Reducing reality to sin and depravity in its only skin, as the world, the flesh, and the devil, as she does here, in order to argue that true, and hence divine, justice alone can carry the depraved to "Eternal Life," seems somehow so cynical, so degrading, that the true wonder of the world is that a philosophy based on such ideological banality could have survived confrontation with any reasonable view of the human condition at all. One can only assume that an absolute fear of death, coupled with the profound arrogance to believe that any mortal thing ought to survive forever, and against all reason as it were, generates so strong a hope for the impossibility of its realization that no one exposed to its seduction can resist its pitch. God, the eternal salesman, in Catherine's voice, puts it this way:
"And so, wishing to remedy your great evils, I have given you the Bridge of My Son, in order that, passing across the flood, you may not be drowned, which flood is the tempestuous sea of this dark life. See, therefore, under what obligations the creature is to Me, and how ignorant he is, not to take the remedy which I have offered, but to be willing to drown."
Sure, and who would be willing to drown were it possible to escape not having to? The problem, however, with this view of life's reality, is simply that it is not real at all. How easy it is to give "this dark life" up simply because it is a "tempestuous sea" that cannot be, and never has been, the way the Myth of Eden describes it. And in exchange for freely giving up any connection you might have to reality, all you need do is recognize the "obligations" that God's "remedy" for "your great evils" confers upon you.

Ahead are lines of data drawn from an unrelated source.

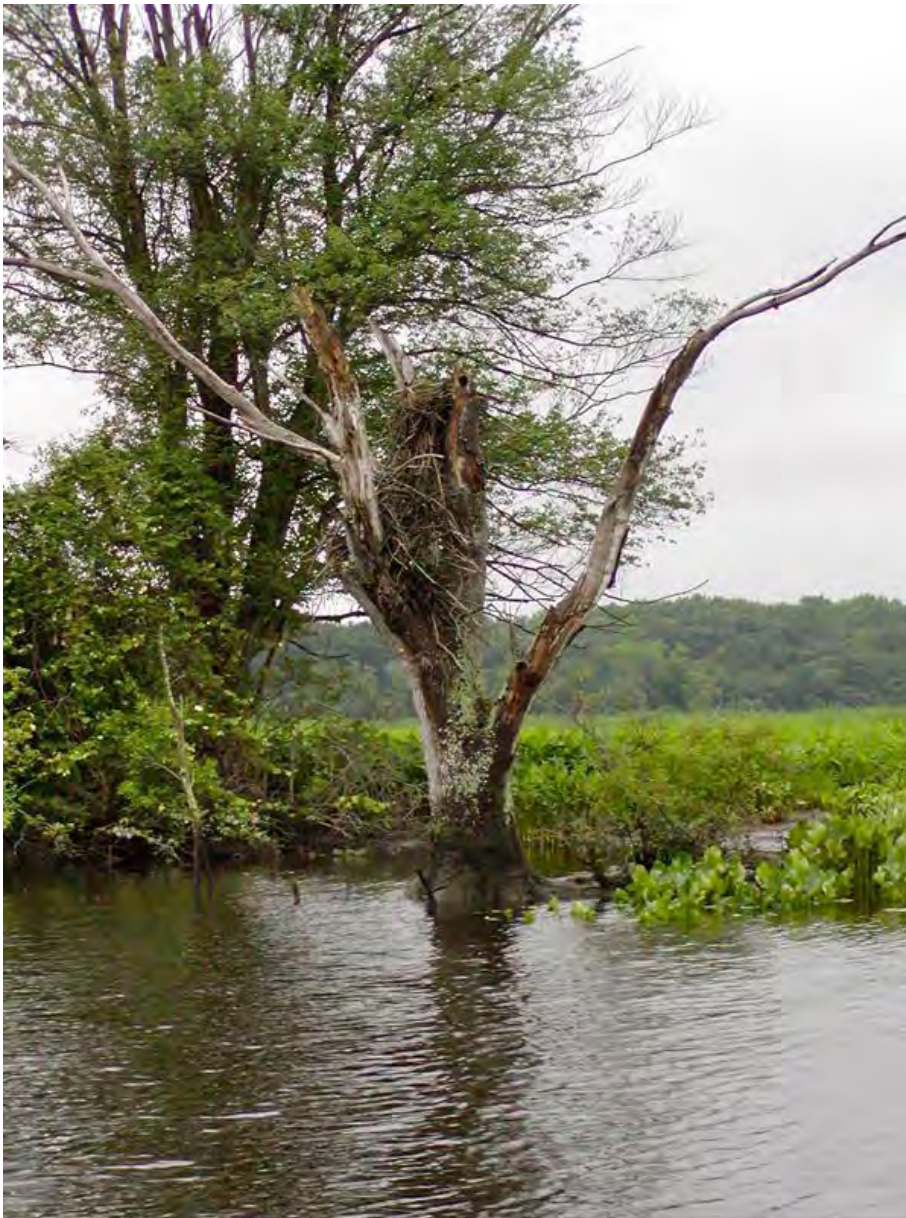
FIGURE 56: MOST NESTS BUILT ALONG THIS DIKE HAVE COLLAPSED.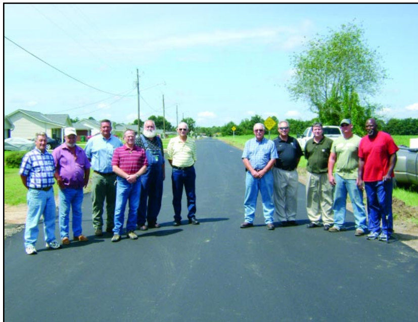
Town of Grimes and Local Officials gather to view the new street improvements in the Canterbury Subdivision along Old Town Road on September 3.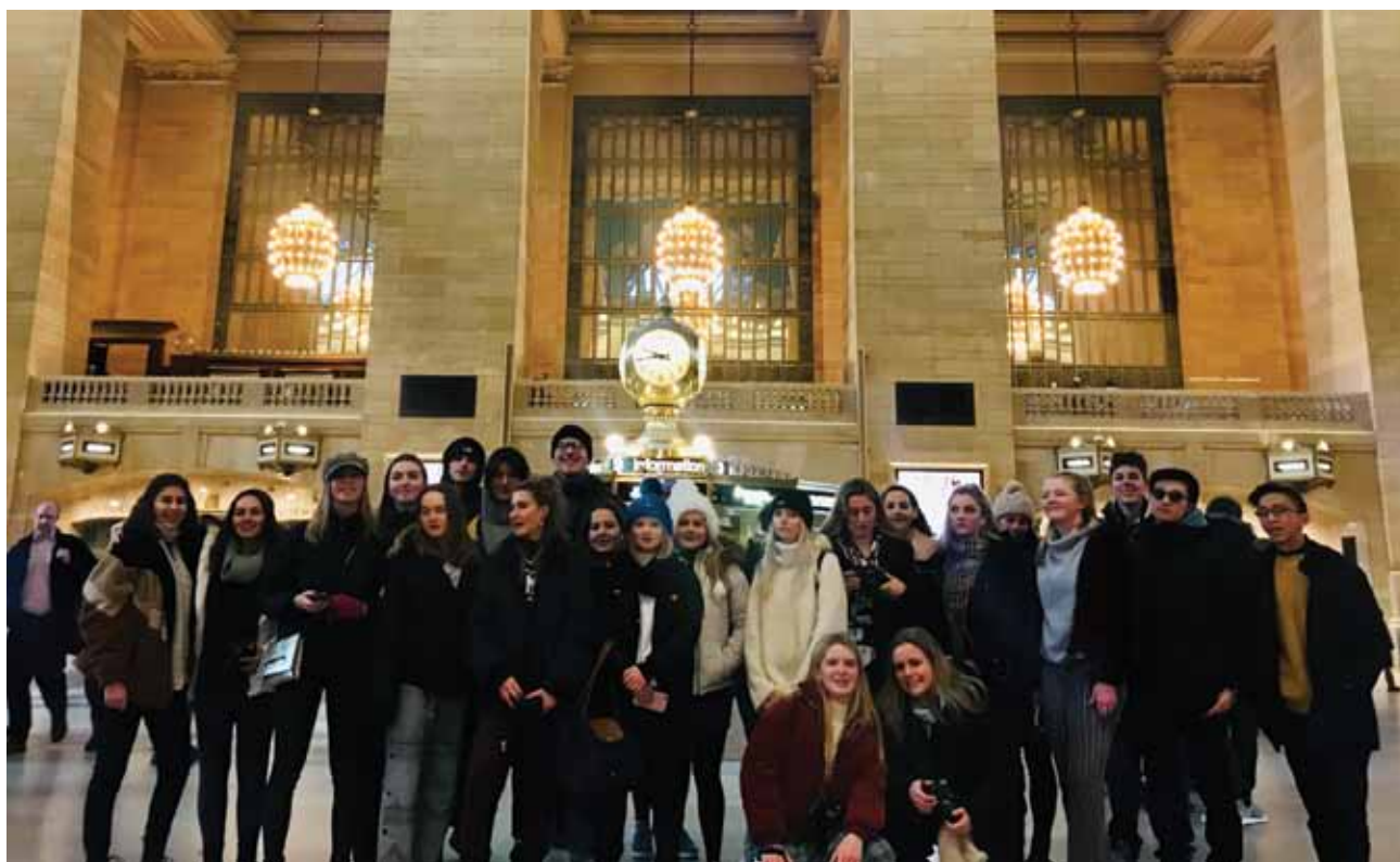
Creative arts trip to New York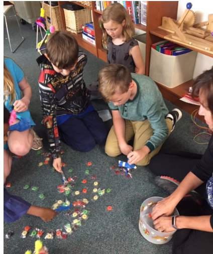
Fulton School students bioengineering bird beaks to learn about animal adaptations in the rainforest.

Through generous donations, we have reached and inspired over 360 students in the St. Louis area since January. By instilling an appreciation and understanding of the delicate biodiversity of the rainforest, we are able to plant seeds of understanding in today's youth. Students that understand the importance of preserving the rainforest will be more likely to grow into adults that actively protect it. We know teachers often lack the resources and time to educate students on the importance of the rainforest. Some school districts have even opted out of having rainforest lessons in their curriculum guides, so the only time students hear about the rainforest is the time we spend with them.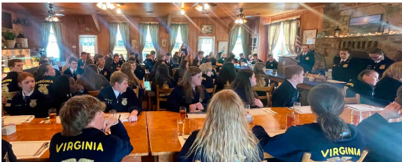
Campers at the banquet Thursday evening.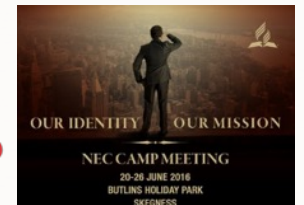
NEC Camp Meeting 20th-26th June 2016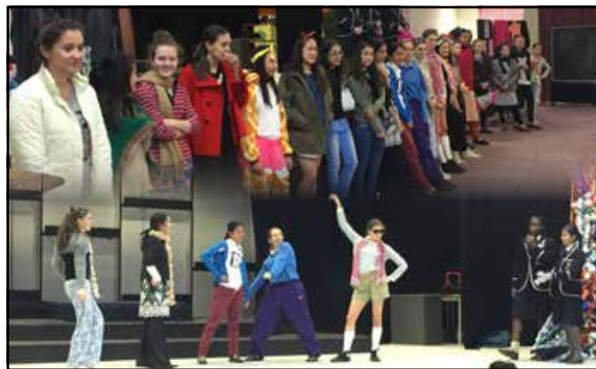
St Vinnies Fashion Parade

As the warm and sunny days of summer have finally waved goodbye and wintery conditions have settled in, we are reminded of the luxuries we have that comfort our lives. Warm clothing on chilly mornings, hearty meals to fill our tummies and heated homes to return to at the end of a long day. Our Vintage Vinnies Fashion Parade was a showcase of the generosity from our community with many classes donating a range of warm winter clothes as modelled by our students. It was the Year 7 and 10W classes that won the acclaimed titled of 'best dressed' through their donations and creative style. Many thanks goes to all members of our Vinnies Group particularly our Year 11 leaders who were instrumental in the organisation of the event. The Vinnies Group still welcomes further donations of clothing, blankets, cans and non-perishable food items up until week 10. Many thanks.

This view of the human condition truly is one that sees only the darkest aspects of human life, sees them with such clarity of purpose to enslave the human spirit to an artificial hierarchy of power relations, with the Almighty myth of God at the top, that no one inside its ideology has ever been able to escape its seductive degradation.
The most frightening aspect of this ideology, of course, is the implied habit demanded of the blessed, those who are willing to accept the notion of their own worthlessness in comparison to God's own and absolute eternal value, that they must develop, promote, and accept, with respect to those who refuse to believe that nothingness made eternal is somehow a desirable end to human life, a willingness to bring the unbeliever to justice, a justice, of course, characterized as "an eternal death in soul and body." That this end is what Christian belief demands, that it will accept nothing more and nothing less than "eternal death" to the unbeliever, is as clearly stated here as it can be. If that does not sanctify genocide against the other, against the unbeliever, who is always already defined as other, then nothing can and nothing does. Making it an article of Christian faith only insures that most people will believe the myth in order to avoid being thrown off the bridge that carries their nothingness to glory in the false consciousness of not drowning in the sea of your own "great" evil. The greatest evil of all is refusing to kill the unbeliever when called upon by Christian duty to do so. If you doubt that, ask the Kosovars how they have been getting along lately at the hands of good Christians and true in the context of a Greater Serbia.